* **Exercise**
Images are not part of the copy; transcribe all the data exactly.

* **Given data**
※ ※ ※
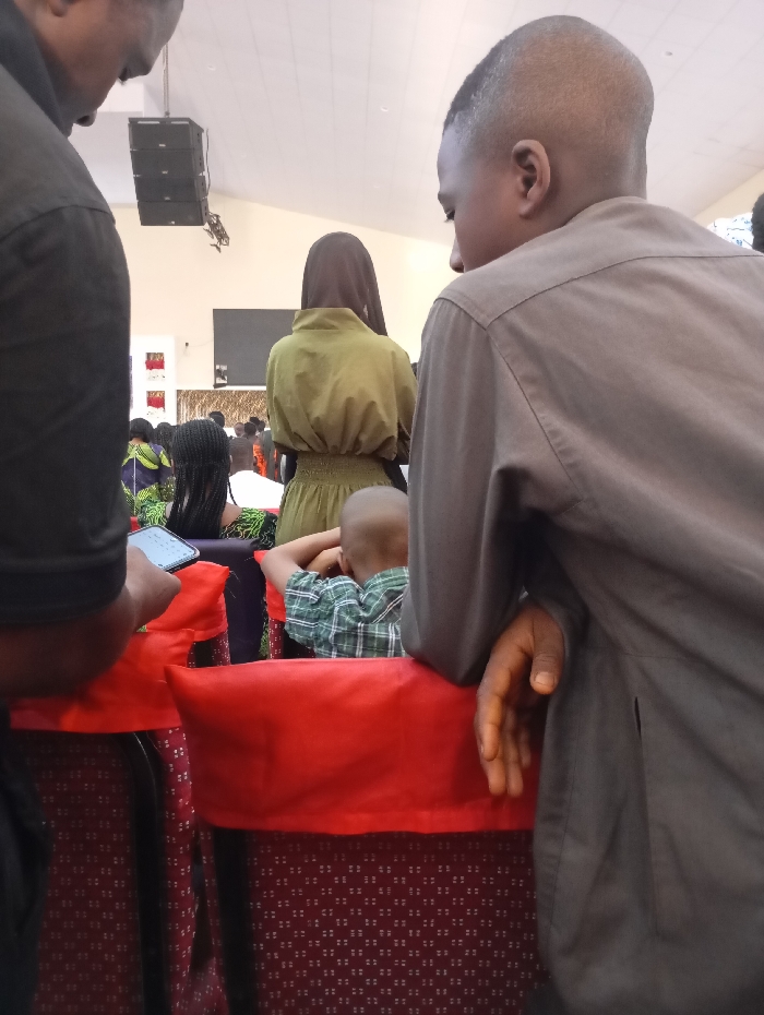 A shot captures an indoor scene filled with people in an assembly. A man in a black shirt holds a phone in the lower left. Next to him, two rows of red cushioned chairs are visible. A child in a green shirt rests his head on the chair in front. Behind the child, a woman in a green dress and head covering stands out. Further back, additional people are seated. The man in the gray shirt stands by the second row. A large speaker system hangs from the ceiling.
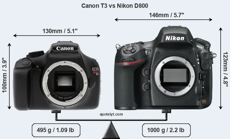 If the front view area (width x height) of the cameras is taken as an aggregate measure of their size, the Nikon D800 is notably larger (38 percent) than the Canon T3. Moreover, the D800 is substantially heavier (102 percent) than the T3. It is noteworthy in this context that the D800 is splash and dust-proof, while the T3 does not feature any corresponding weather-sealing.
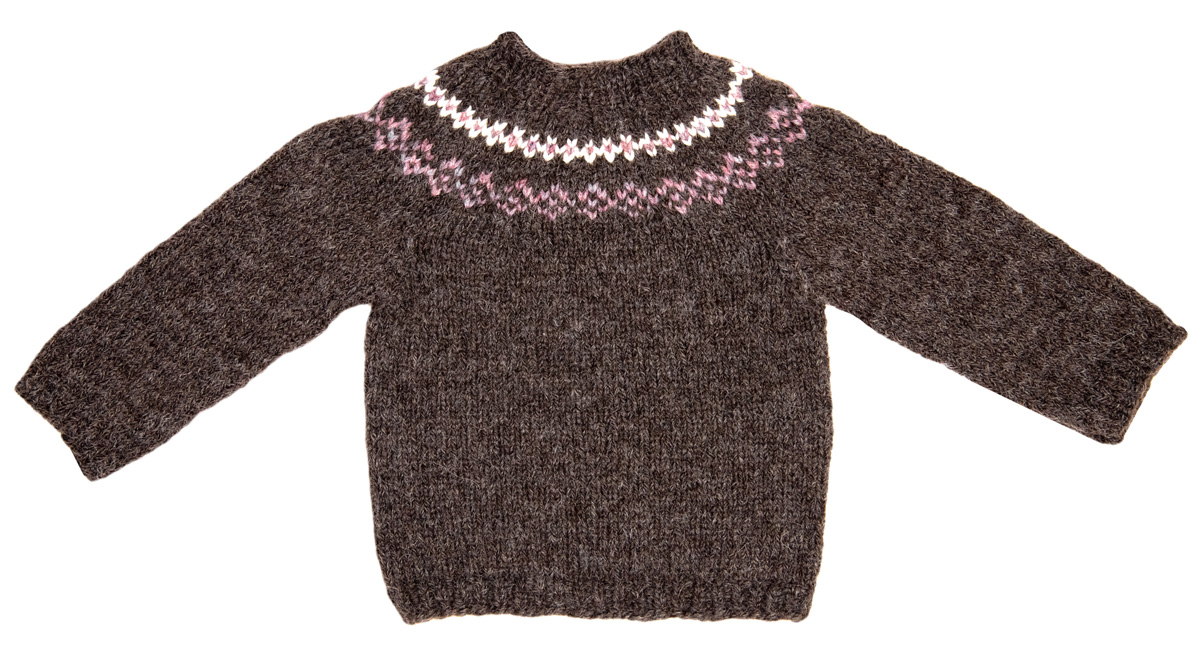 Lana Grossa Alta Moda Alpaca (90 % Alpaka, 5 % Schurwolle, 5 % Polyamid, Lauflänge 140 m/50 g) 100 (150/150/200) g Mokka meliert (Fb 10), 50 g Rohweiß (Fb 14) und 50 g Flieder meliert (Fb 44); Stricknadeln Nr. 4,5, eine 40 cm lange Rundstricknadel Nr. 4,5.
※ ※ ※
* **Task output**
 A shot captures an indoor scene filled with people in an assembly. A man in a black shirt holds a phone in the lower left. Next to him, two rows of red cushioned chairs are visible. A child in a green shirt rests his head on the chair in front. Behind the child, a woman in a green dress and head covering stands out. Further back, additional people are seated. The man in the gray shirt stands by the second row. A large speaker system hangs from the ceiling.
 If the front view area (width x height) of the cameras is taken as an aggregate measure of their size, the Nikon D800 is notably larger (38 percent) than the Canon T3. Moreover, the D800 is substantially heavier (102 percent) than the T3. It is noteworthy in this context that the D800 is splash and dust-proof, while the T3 does not feature any corresponding weather-sealing.
 Lana Grossa Alta Moda Alpaca (90 % Alpaka, 5 % Schurwolle, 5 % Polyamid, Lauflänge 140 m/50 g) 100 (150/150/200) g Mokka meliert (Fb 10), 50 g Rohweiß (Fb 14) und 50 g Flieder meliert (Fb 44); Stricknadeln Nr. 4,5, eine 40 cm lange Rundstricknadel Nr. 4,5.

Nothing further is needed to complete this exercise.